_EXERCISE_
From the listing below, please restate exactly the lines beginning at the one with "Groundcover density and" and ending at the one with "第6个北极狼,常出没于雪山等", both included, and skip the pictures.

_SUPPLIED MATERIAL_

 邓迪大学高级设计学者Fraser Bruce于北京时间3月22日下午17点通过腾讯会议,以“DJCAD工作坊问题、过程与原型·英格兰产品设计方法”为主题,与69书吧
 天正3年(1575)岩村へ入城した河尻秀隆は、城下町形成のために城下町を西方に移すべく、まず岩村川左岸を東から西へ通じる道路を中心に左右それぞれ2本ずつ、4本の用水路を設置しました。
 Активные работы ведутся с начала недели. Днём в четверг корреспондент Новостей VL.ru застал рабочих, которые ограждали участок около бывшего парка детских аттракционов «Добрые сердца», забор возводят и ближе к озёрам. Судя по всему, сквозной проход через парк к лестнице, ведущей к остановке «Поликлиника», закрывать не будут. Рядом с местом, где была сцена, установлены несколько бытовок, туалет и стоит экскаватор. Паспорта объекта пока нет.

* * *

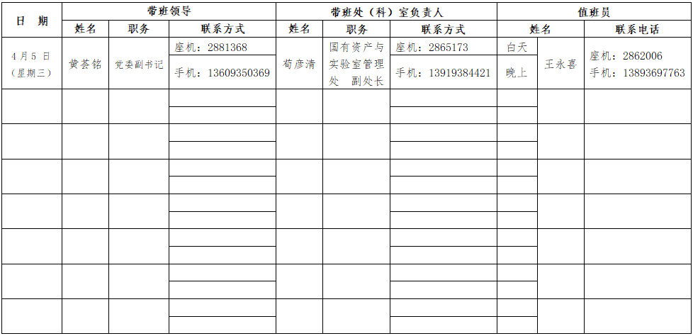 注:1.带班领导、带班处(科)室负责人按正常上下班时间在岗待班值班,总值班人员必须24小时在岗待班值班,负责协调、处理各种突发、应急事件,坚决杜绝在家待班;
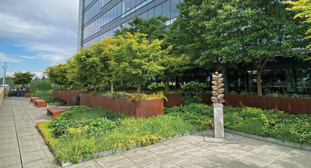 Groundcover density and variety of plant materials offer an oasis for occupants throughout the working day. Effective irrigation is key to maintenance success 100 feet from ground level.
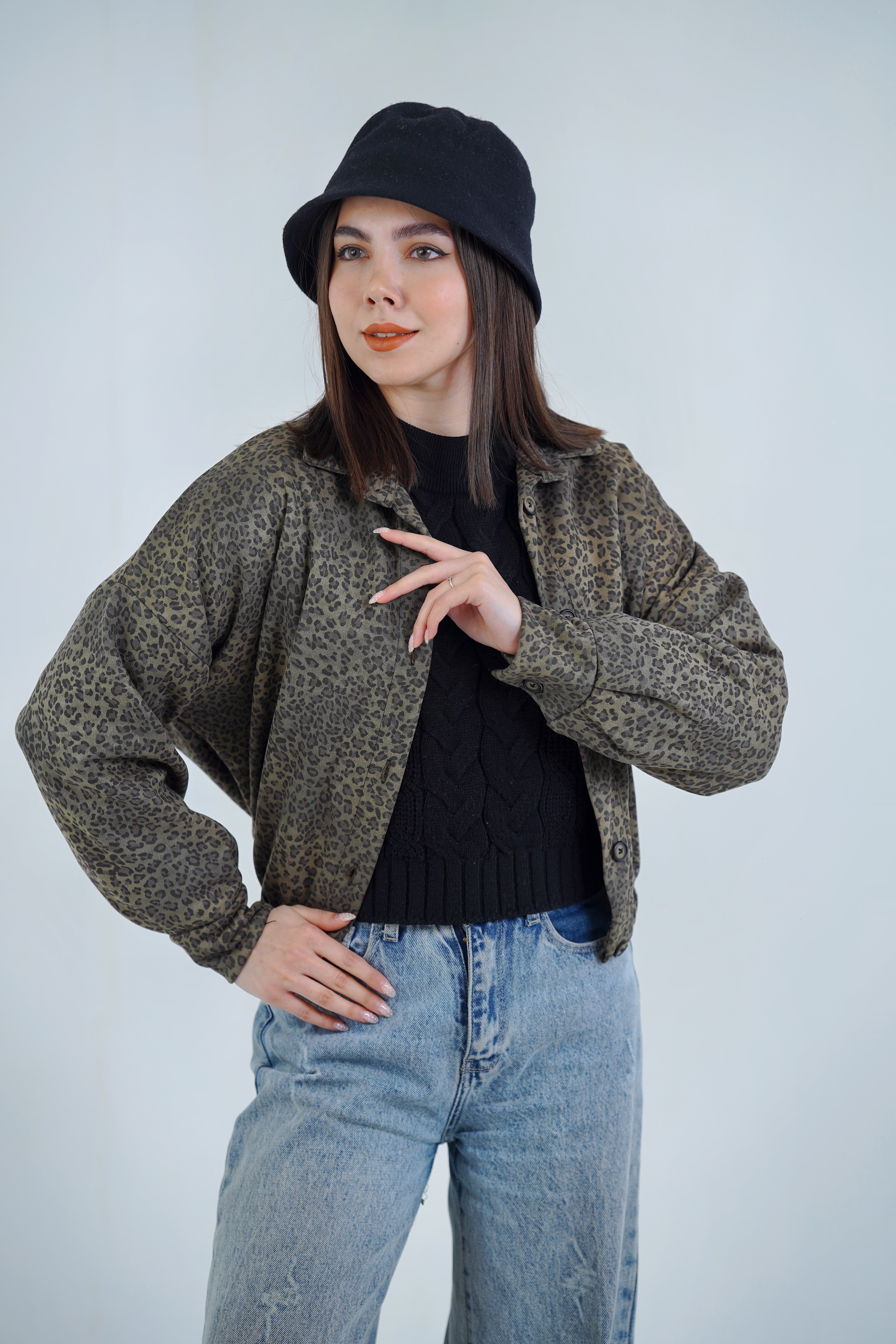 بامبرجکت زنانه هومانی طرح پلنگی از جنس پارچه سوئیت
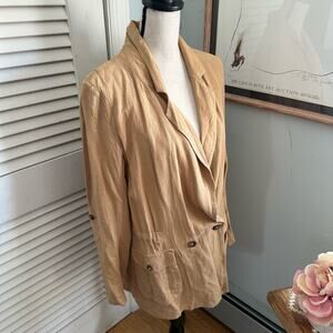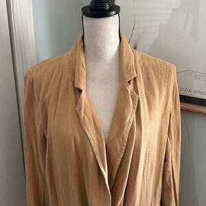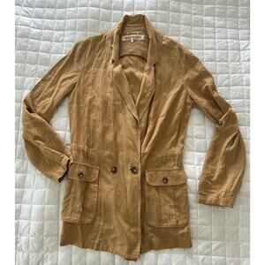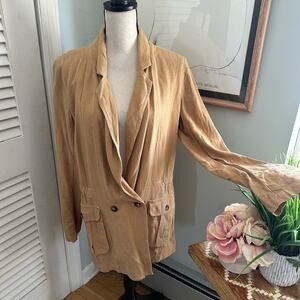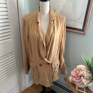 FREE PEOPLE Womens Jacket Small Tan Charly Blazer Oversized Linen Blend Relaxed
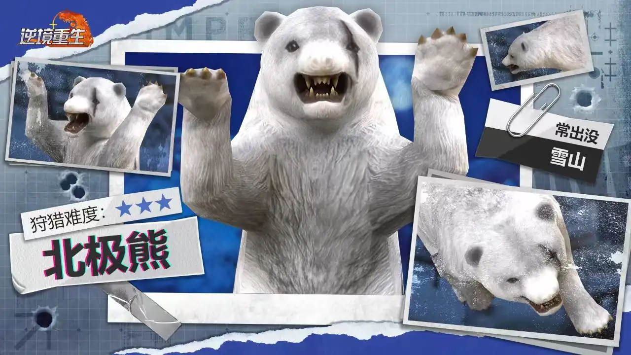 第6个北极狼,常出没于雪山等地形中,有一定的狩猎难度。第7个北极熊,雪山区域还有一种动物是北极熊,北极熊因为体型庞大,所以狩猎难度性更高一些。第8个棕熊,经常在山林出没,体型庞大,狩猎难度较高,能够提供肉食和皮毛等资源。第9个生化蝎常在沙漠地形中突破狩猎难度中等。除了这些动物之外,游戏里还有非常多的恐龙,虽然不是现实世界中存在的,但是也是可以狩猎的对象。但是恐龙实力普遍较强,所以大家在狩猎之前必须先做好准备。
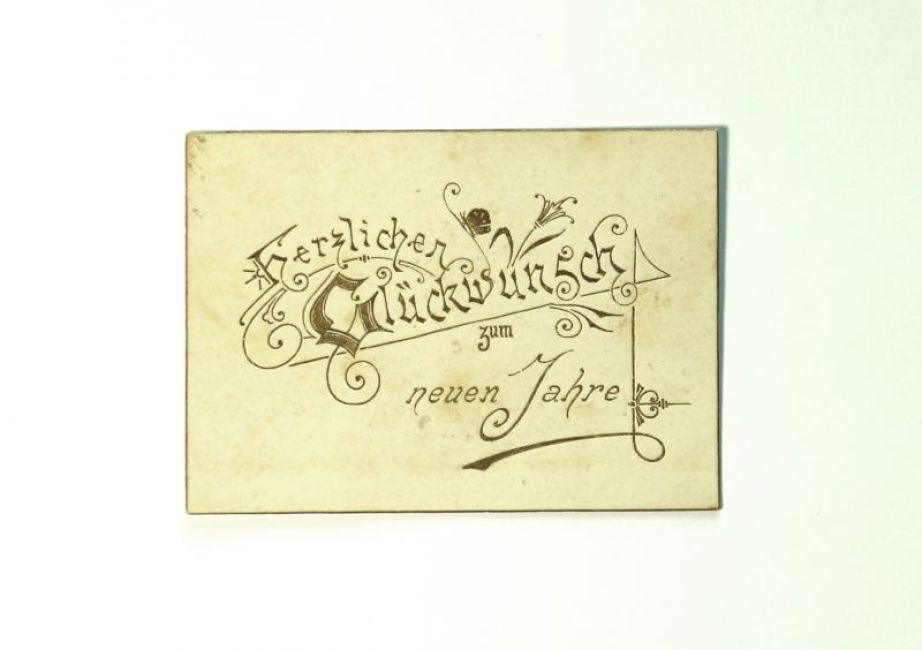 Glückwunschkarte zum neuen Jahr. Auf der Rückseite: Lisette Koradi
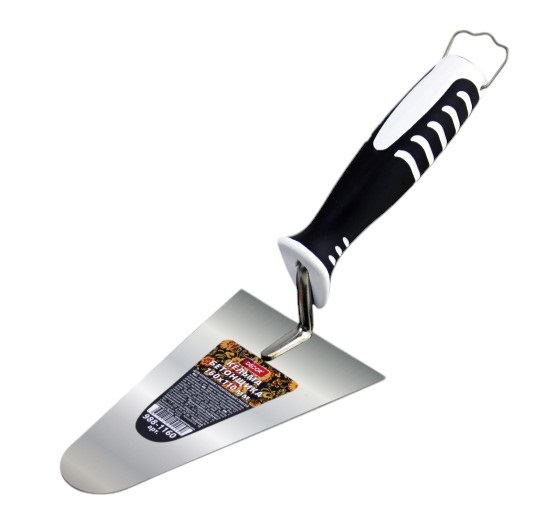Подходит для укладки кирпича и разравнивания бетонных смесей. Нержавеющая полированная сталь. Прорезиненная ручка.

_RESULT_
 Groundcover density and variety of plant materials offer an oasis for occupants throughout the working day. Effective irrigation is key to maintenance success 100 feet from ground level.
 بامبرجکت زنانه هومانی طرح پلنگی از جنس پارچه سوئیت
 FREE PEOPLE Womens Jacket Small Tan Charly Blazer Oversized Linen Blend Relaxed
 第6个北极狼,常出没于雪山等地形中,有一定的狩猎难度。第7个北极熊,雪山区域还有一种动物是北极熊,北极熊因为体型庞大,所以狩猎难度性更高一些。第8个棕熊,经常在山林出没,体型庞大,狩猎难度较高,能够提供肉食和皮毛等资源。第9个生化蝎常在沙漠地形中突破狩猎难度中等。除了这些动物之外,游戏里还有非常多的恐龙,虽然不是现实世界中存在的,但是也是可以狩猎的对象。但是恐龙实力普遍较强,所以大家在狩猎之前必须先做好准备。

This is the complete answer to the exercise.